Friendly Introductions: Signal generation in frequency domain.

In this post, we will see how we can manipulate and even create signals in the frequency domain rather than in the time domain. This post builds on the previous post of creating and visualizing time domain signals in GNU Radio.

With the introductory groundwork to how the code structure looks like done in the earlier posts, we will start to tinker with it. What we want to do now is to add an intermediate block after our source block. This block should add another sinusoid to the signal (like adding a new signal) - in the frequency domain. This activity can be broken down into two sub-steps:

  1. Create a new GNU Radio Block
  2. In the GNU Radio Block created in the step above, receive the signal, convert it to the frequency domain, add another signal at some desired frequency and convert the signal back to time domain.

Creating a new GNU Radio Block:

Ad-hoc blocks can be directly written in Python Scripts. Here is a sample one generated by using the Embedded Python Block utility from GNU Radio Companion:

"""
Embedded Python Blocks:
"""
import cmath
import math

import numpy as np
from gnuradio import gr


class custom_source(gr.sync_block):  # other base classes are basic_block, decim_block, interp_block
    """Embedded Python Block template"""

    def __init__(self,
                samp_rate = 32e3,
                ):  # only default arguments here
        
        gr.sync_block.__init__(
            self,
            name='Sample Block',   # will show up in GRC
            in_sig=[np.complex64],
            out_sig=[np.complex64]
        )
        # if an attribute with the same name as a parameter is found,
        # a callback is registered (properties work, too).
        self.samp_rate = samp_rate

    def work(self, input_items, output_items):
        output_items[0][:] = input_items[0][:]
        return len(output_items[0])

The work() method and a more general form of it called general_work() method are employed and it is in these methods that any signal processing occurs. In the example above, the block subclasses the sync block of GNU Radio (number of output samples equals the number of input samples). In the constructor, we first initialize the base class with its parameters and then do any other initialization. Note that the number of input and output ports is specified in the call to initialize the sync block in the form of an array. in_sig = [np.complex64] implies that there is one input port (one element in the list/array) and it takes data of complex data type (defined by numpy module).

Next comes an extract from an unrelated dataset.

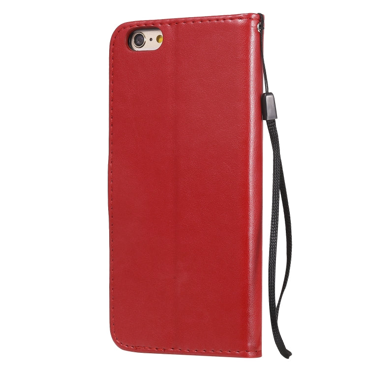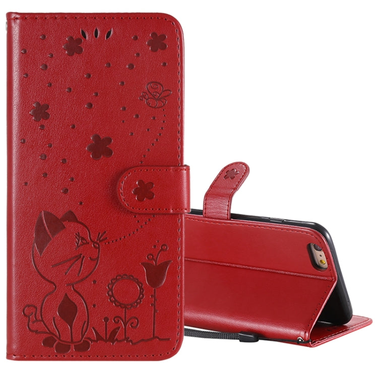 Funda de Cuero Cat Bee para iPhone 6 Plus con Patrón de Relieve, Tapa Horizontal, Soporte, Ranuras para Tarjetas y Billetera (Rojo)
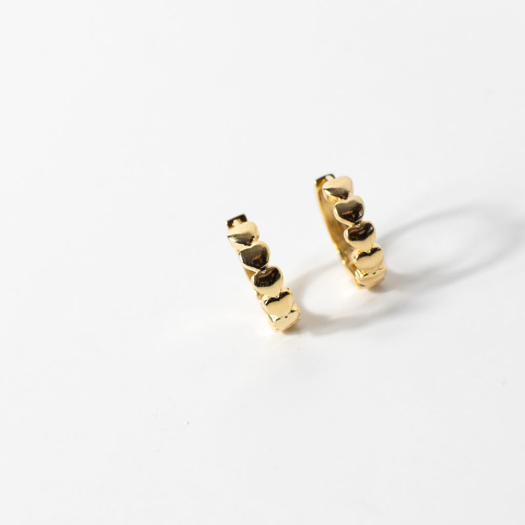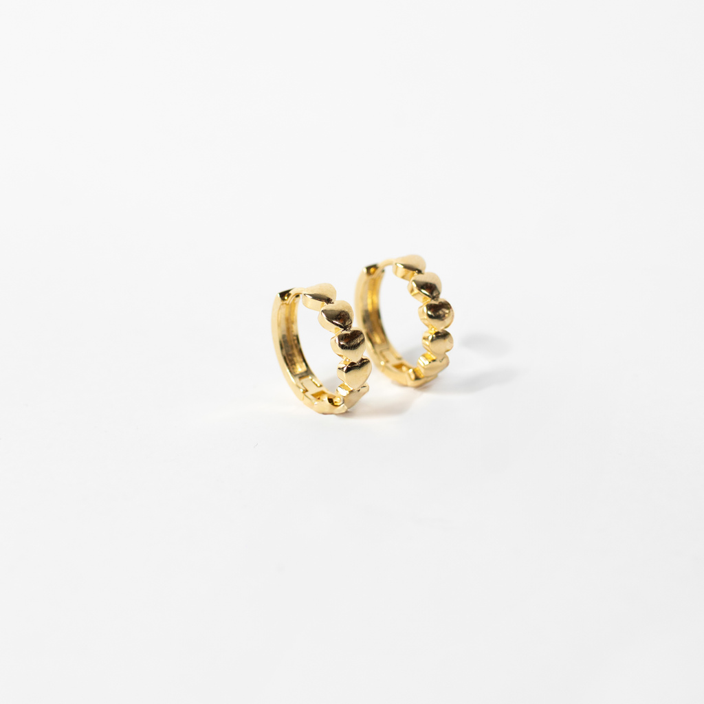 A Argola Chérie G Dourada perfeita para adicionar presença com significado ao seu visual. As argolas Chérie no tamanho G são ótimas para o primeiro furo. Argolas com tamanho ideal para se destacar nos looks de inverno. Elas trazem um toque feminino e um detalhe encantador em sua parte frontal: corações que simbolizam afeto.

The work() method is passed the input samples across all ports in the object list input_items, and we are required to write the processed values in the output_items. The method returns the number of samples consumed from the input_items in this run of the method. For some background, GNU Radio creates chunks or arrays of definite length out of the samples being generated and makes them flow across the graph. We can determine what is the length of data array we require for our block, but right now, we don't do it. With the code above right now, the block will just sit there and pass data from one end to the other without doing anything.

Add a signal in the frequency domain:

OK. Now, we have an incoming stream of time domain samples - coming in blocks of 4096 samples per block (it isn't always so, but let us assume for the purpose of this post). We know beforehand that inside these samples is a signal in time domain - a waveform at, say, 100Hz. Suppose, we now want to add another signal to it which has the frequency of, say 4000Hz. How do we do it? One simple way was to have another signal source of 4000Hz and pass the two signals through an adder. The superposition of signals would add them up. But just for kicks (and some higher purpose), we want to do it in the frequency domain and not use a block called adder.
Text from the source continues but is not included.